You cannot take the address of a constructor, but you can create static factory methods of your own and take the address of that.
You can't use regular function pointers on methods, you have to use method pointers, which have bizarre syntax:
void (MyClass::*method_ptr)(int x, int y);
method_ptr = &MyClass::MyMethod;
This gives you a method pointer to MyClass's method - MyMethod. However this isn't a true pointer in that it's not an absolute memory address, it's basically an offset (more complicated than that due to virtual inheritance, but that stuff is implementation specific) into a class. So to use the method pointer, you have to supply it with a class, like this:
MyClass myclass;
myclass.*method_ptr(x, y);
or
MyClass *myclass = new MyClass;
myclass->*method_ptr(x, y);
Of course it should be obvious at this point that you can't use a method pointer to point to an objects constructor. In order to use a method pointer you need to have an instance of the class so it's constructor has already been called! So in your case Michael's Object Factory suggestion is probably the best way of doing it.
Using Qt, you can call a constructor with Qt reflection mechanisms (QMetaObject) if you declare the constructor as Q_INVOKABLE (nothing more to do than that).
class MyClass : public QObject {
Q_OBJECT
public:
Q_INVOKABLE MyClass(int foo);
MyClass *cloningMySelf() {
return metaObject()->newInstance(Q_ARG(int, 42));
}
};
I'm not sure you will want to embed Qt just for that feature ;-) but maybe you would like to have a look on the way it does that.

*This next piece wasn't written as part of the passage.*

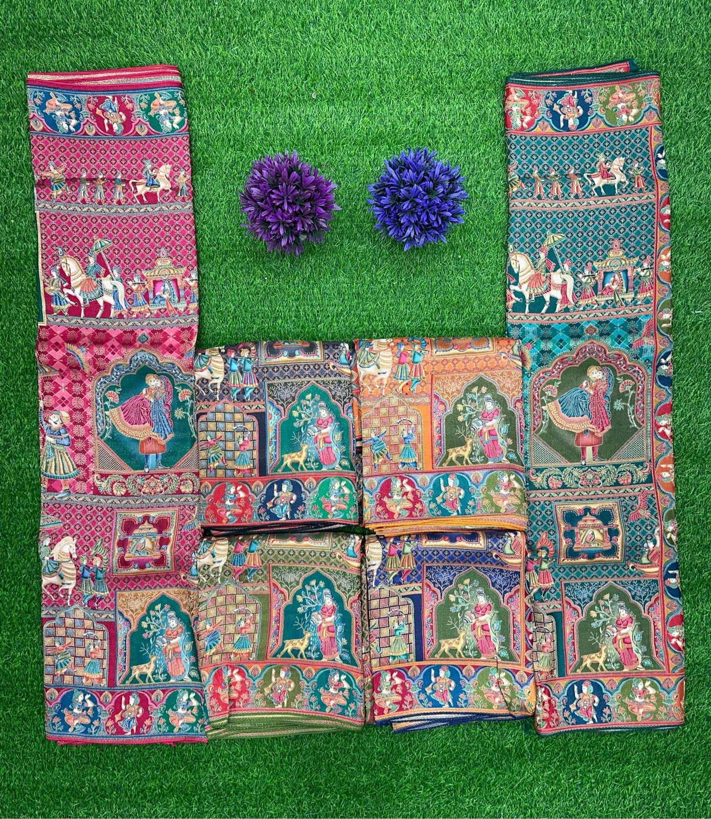 Soft viscose Pashmina silk saree with artistic position prints.

http://doc.qt.io/qt-5/metaobjects.html#meta-object-system
If you want an actual function pointer representing the constructor, not a functor or closure, you can create a universal factory template:
#include <iostream>
namespace {
template <typename Type, typename... Args>
Type create(Args... args)
{
return Type{std::forward<Args>(args)...};
}
}
template <typename Type, typename... Args>
static constexpr auto constructor = &create<Type, Args...>;
struct Foo {
Foo(double v){ std::cout << "Foo ctor " << v << std::endl; }
};
int main()
{
auto z = constructor<Foo, double>(0.33);
return 0;
}
Foo ctor 0.33
https://godbolt.org/z/qKGGGzjTs
This is similar to Michael Burr's answer, except that you don't have a static factory method per object and it allows any kind of constructor (not just default)

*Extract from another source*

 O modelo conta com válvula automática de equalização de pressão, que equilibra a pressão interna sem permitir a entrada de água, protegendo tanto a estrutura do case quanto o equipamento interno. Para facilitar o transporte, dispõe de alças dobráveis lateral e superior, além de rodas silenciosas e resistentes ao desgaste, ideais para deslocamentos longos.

This is similar to bradgonesurfing's answer, except that you create one function pointer per constructor and not one functor per class representing all constructors for that class.
Even though this question is old and already has several very helpful answers, I am adding this additional suggestion because having one function pointer for every constructor of any class is useful when implementing a runtime type reflection system.